Life science conversions in suburban assets are likely to have supported leasing and revenue growth.
High debt and a rise in interest expenses may have pressured BXP's quarterly FFO.
BXP, Inc. (BXP - Free Report) is slated to report third-quarter 2025 results on Oct. 28, after market close. While the company’s quarterly results are likely to display a year-over-year rise in revenues, funds from operations (FFO) per share are expected to decline.
In the last reported quarter, this office real-estate investment trust (REIT) reported FFO per share of $1.71, which surpassed the Zacks Consensus Estimate of $1.67. The quarterly results reflected better-than-anticipated revenues on healthy leasing activity. However, higher interest expenses during the quarter marred its year-over-year FFO per share growth.
Over the preceding four quarters, BXP’s FFO per share surpassed the Zacks Consensus Estimate once, missed in the other and met in the remaining periods, the average beat being 0.45%. This is depicted in the graph below:
Per a Cushman & Wakefield report, the U.S. office demand is witnessing solid momentum for high-quality spaces as more companies are now expanding their footprint after years of curtailment. The supply pressure is also continuing to recede.
During the third quarter, though net absorption for the broader office market turned out to be negative, the gross leasing activity trended upward. Out of the 92 U.S. markets tracked by Cushman & Wakefield Research, 46 experienced positive absorption.
The demand for Class A assets is high due to companies' preference, driven by a focus on employee retention through enhanced experience. Fourteen markets experienced positive Class A absorption despite overall negative absorption.
The accelerating demand resulted in a contraction of vacant sublease availabilities by 14.5% from its first-quarter 2024 peak, with 55 U.S. markets witnessing year-over-year declines. Vacancy in obsolete assets is becoming increasingly prevalent.
Supply pressures are decelerating due to dwindling new construction activity and lower deliveries. The under-construction pipeline for the third quarter of 2025 stood at 22.5 million square feet (MSF), the lowest total in the 21st century, representing a tad 0.4% of the total office inventory. At the same time, new deliveries in the third quarter at just 7.1 MSF were 30% lower than the quarterly average since 2020.
BXP: Factors at Play
In the context of the above U.S. office industry background, BXP is poised to gain from the growing preference for quality office spaces among tenants and the company's ability to offer such spaces. BXP’s properties are likely to have witnessed healthy leasing activity in the third quarter.
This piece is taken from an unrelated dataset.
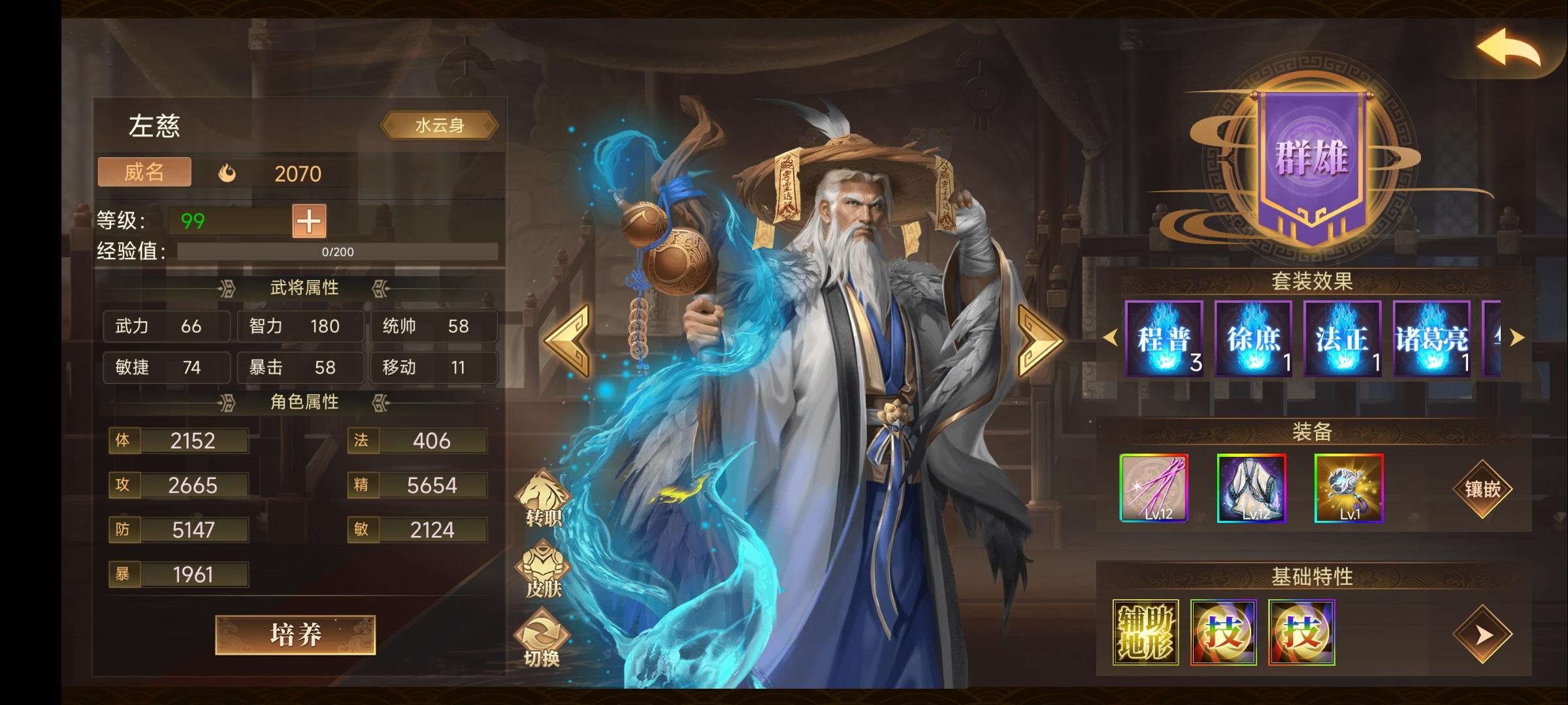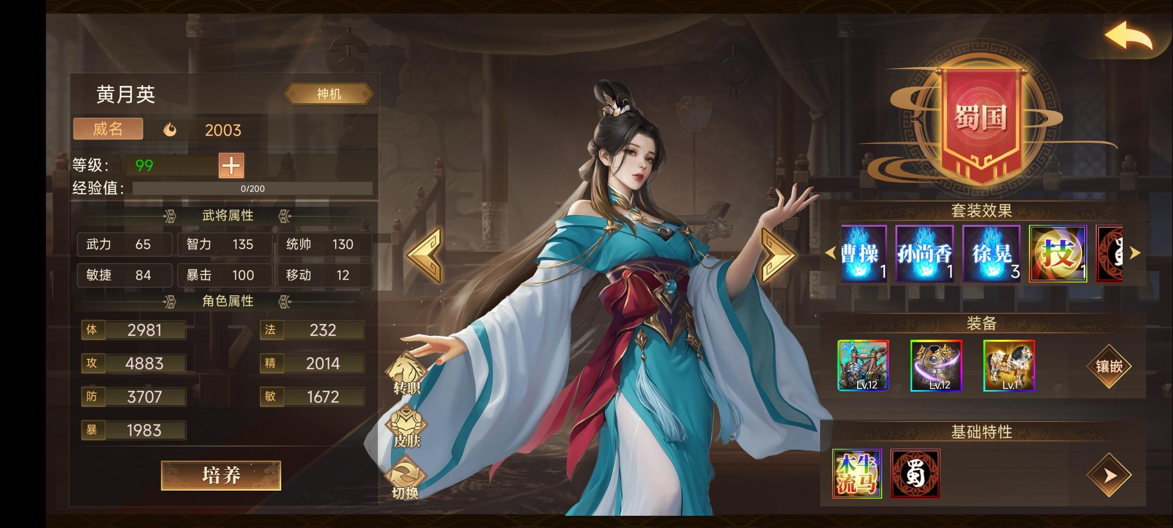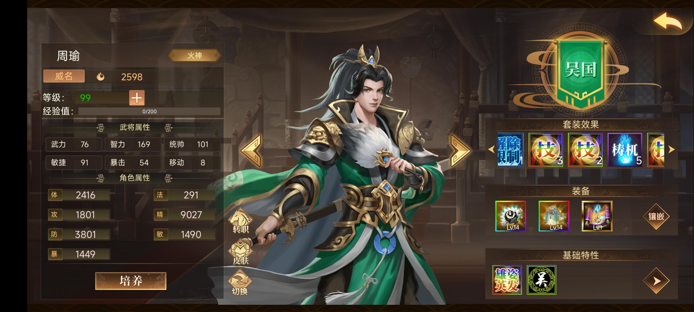 出战武将:周瑜(主力)、左慈(加面板、慌骗、增伤)、贾诩(全屏毒、嘲讽肉)、马云禄(打解烦、增伤)、月英(追击打标记、增伤、喂药)、大乔(传送、麻痹、增伤、女装嘲讽)

Moreover, the rise in demand for top-quality office spaces continues to be driven by technology and life science businesses. Amid strong demand from life-science tenants, the company is converting numerous straight office buildings to laboratory/life science spaces in its suburban portfolio. This is likely to have aided its leasing activity, boosting its top line in the reported quarter.
The Zacks Consensus Estimate for third-quarter revenues is pegged at $806.6 million, suggesting a marginal increase from the prior-year quarter’s reported number.
However, substantial debt and high interest expenses are expected to have been a spoilsport for BXP during the to-be-reported quarter. We estimate a 1.3% year-over-year increase in interest expenses for the third quarter.
BXP’s activities in the to-be-reported quarter were inadequate in garnering analysts’ confidence. The Zacks Consensus Estimate for third-quarter FFO per share has remained unchanged at $1.72 over the past two months. Also, it suggests a 5% decrease from the year-ago quarter’s tally.
What Our Quantitative Model Predicts for BXP
Our proven model doesn’t conclusively predict a surprise in terms of FFO per share for BXP this quarter. The combination of a positive Earnings ESP and a Zacks Rank #1 (Strong Buy), 2 (Buy) or 3 (Hold) increases the chances of an FFO beat, which is not the case here.
BXP has an Earnings ESP of -1.16% and currently carries a Zacks Rank of 3. You can uncover the best stocks to buy or sell before they’re reported with our Earnings ESP Filter.
Stocks That Warrant a Look
Here are two stocks from the broader REIT sector — Ventas (VTR - Free Report) and Extra Space Storage (EXR - Free Report) — you may want to consider, as our model shows that these have the right combination of elements to report a surprise this quarter.
Extra Space Storage, slated to release quarterly numbers on Oct. 29, has an Earnings ESP of +0.23% and carries a Zacks Rank of 3 at present.
Note: Anything related to earnings presented in this write-up represents funds from operations (FFO), a widely used metric to gauge the performance of REITs.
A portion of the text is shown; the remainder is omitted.